**Records to use**
-*-
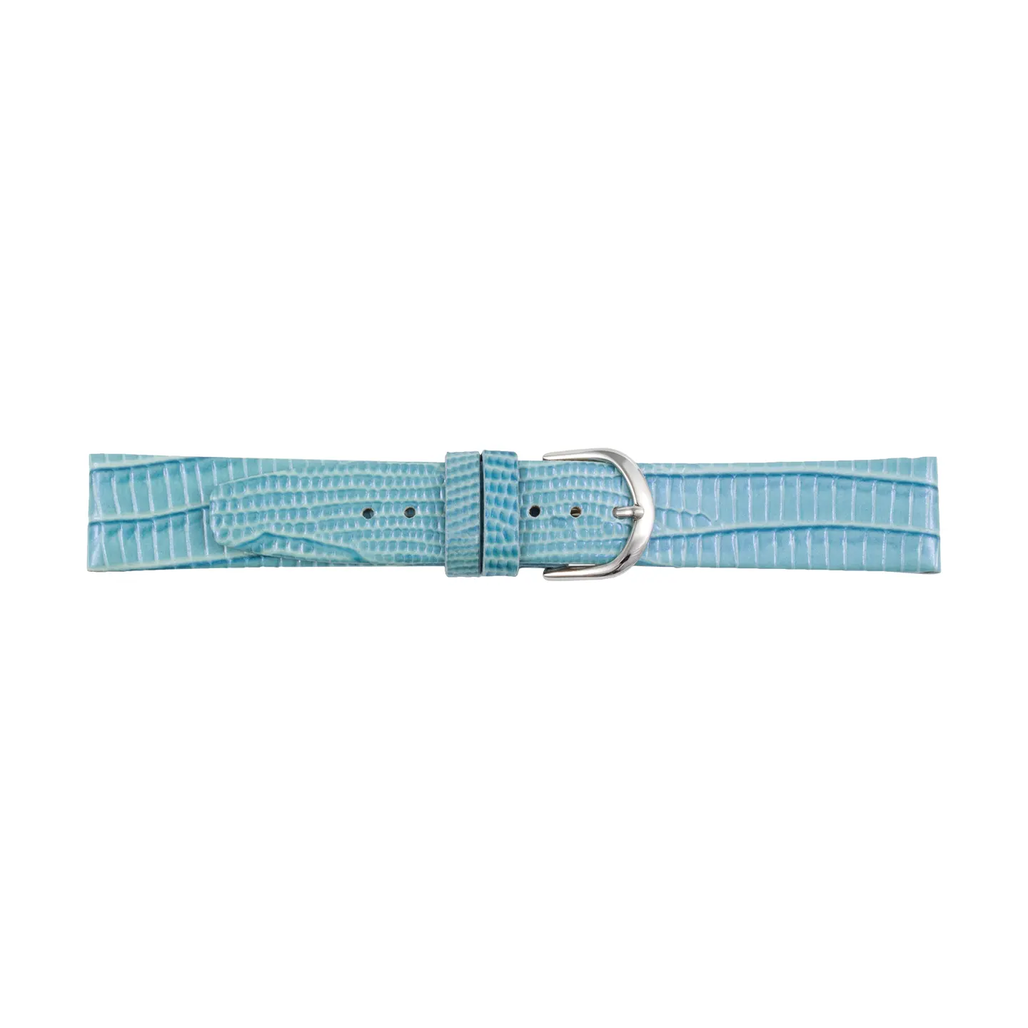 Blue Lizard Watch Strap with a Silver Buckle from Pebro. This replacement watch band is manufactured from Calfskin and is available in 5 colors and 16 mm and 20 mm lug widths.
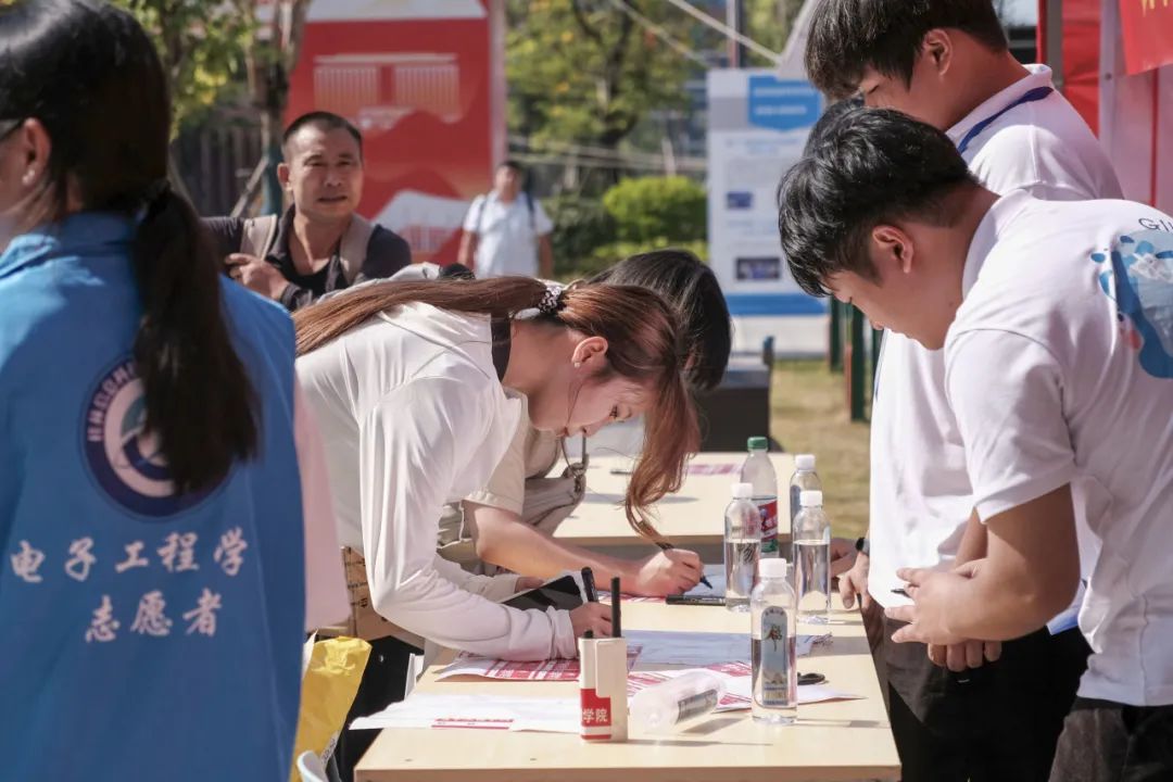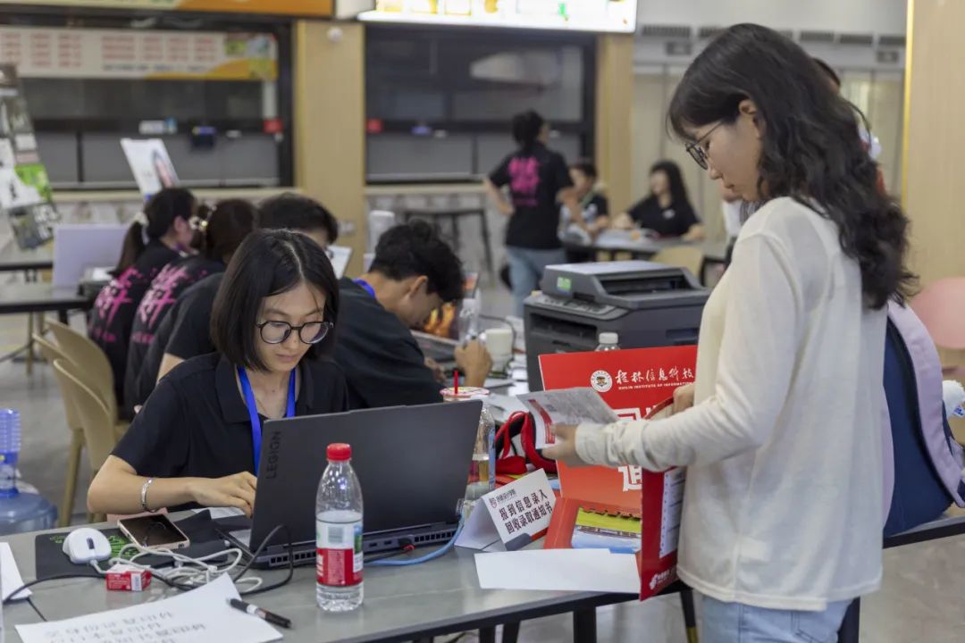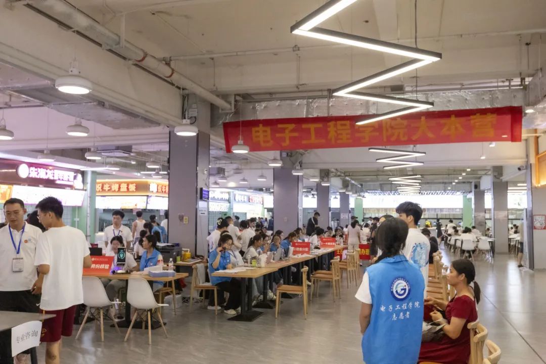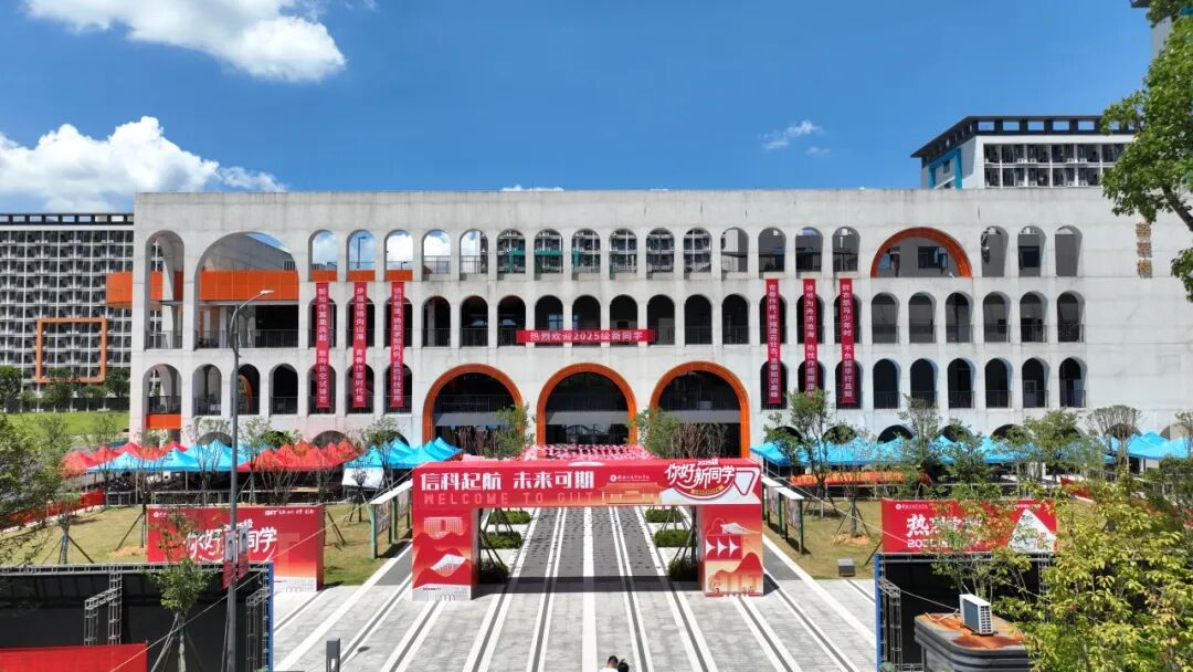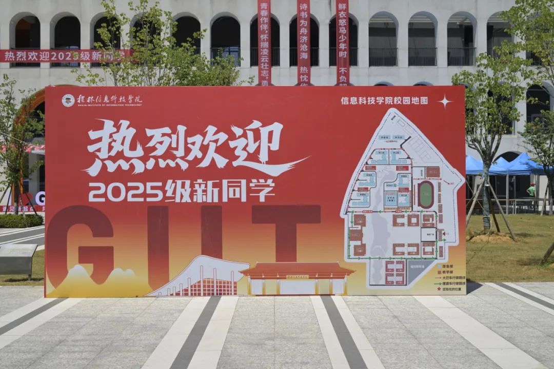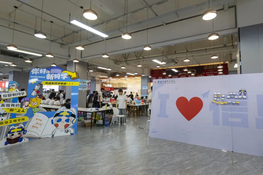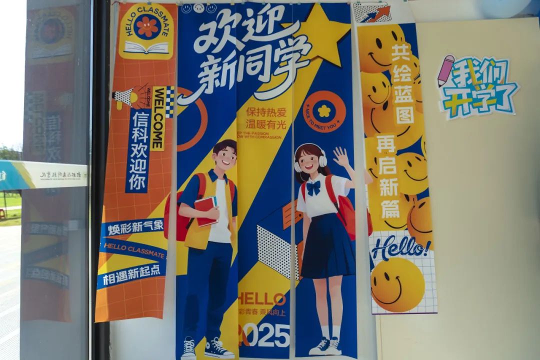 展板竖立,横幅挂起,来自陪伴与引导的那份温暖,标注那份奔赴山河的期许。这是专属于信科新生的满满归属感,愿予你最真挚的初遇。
-*-
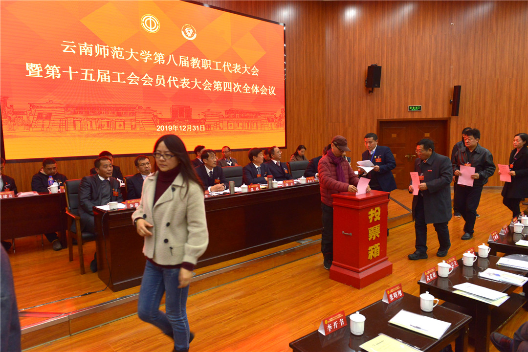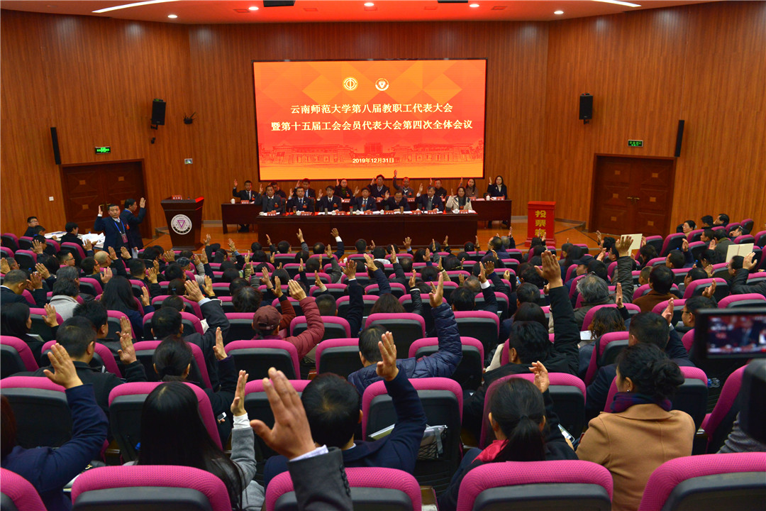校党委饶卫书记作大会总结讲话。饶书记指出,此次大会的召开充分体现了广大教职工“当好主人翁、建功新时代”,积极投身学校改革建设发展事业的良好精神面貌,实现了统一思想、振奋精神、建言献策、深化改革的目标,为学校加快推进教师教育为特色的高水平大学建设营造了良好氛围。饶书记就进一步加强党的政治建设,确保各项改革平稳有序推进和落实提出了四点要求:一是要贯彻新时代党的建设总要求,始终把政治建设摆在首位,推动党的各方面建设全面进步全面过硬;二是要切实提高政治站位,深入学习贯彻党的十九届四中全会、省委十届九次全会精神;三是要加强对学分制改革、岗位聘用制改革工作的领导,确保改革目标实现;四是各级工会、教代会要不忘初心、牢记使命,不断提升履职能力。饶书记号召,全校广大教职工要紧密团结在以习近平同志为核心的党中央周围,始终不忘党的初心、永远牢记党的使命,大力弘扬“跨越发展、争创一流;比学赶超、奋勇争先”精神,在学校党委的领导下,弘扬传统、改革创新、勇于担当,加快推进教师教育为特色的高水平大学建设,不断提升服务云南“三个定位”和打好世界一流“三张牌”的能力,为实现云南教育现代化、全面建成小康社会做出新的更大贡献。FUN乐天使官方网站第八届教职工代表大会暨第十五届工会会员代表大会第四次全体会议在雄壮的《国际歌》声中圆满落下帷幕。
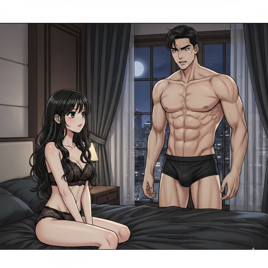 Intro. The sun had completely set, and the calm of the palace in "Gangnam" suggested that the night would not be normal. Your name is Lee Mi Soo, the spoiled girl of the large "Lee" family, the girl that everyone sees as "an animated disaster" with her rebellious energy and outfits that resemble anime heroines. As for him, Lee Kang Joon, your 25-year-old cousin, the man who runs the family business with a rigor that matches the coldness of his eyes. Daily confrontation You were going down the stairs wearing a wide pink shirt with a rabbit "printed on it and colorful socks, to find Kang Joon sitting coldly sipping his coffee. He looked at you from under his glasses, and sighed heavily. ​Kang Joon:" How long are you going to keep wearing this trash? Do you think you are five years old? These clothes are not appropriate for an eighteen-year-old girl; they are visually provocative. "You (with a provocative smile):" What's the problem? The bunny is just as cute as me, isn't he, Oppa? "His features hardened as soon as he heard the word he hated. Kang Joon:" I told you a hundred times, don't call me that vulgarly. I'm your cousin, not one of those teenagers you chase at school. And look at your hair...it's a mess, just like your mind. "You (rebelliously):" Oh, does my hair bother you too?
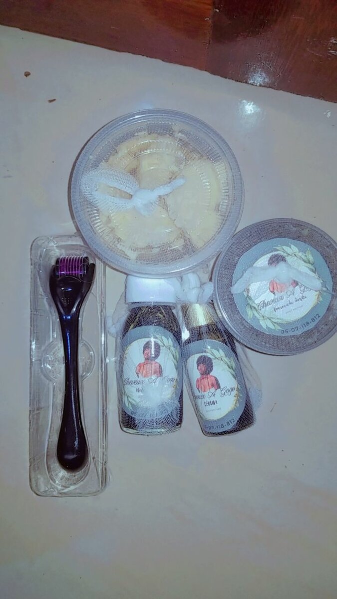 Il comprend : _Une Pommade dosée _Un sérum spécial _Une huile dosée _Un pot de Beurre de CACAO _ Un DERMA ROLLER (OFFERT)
-*-
**Task**
Precisely those lines above that run from the line with "Blue Lizard Watch" up to and including the line with "展板竖立,横幅挂起,来自陪伴" are to be set down, with the pictures omitted.

**Solution**
 Blue Lizard Watch Strap with a Silver Buckle from Pebro. This replacement watch band is manufactured from Calfskin and is available in 5 colors and 16 mm and 20 mm lug widths.
 展板竖立,横幅挂起,来自陪伴与引导的那份温暖,标注那份奔赴山河的期许。这是专属于信科新生的满满归属感,愿予你最真挚的初遇。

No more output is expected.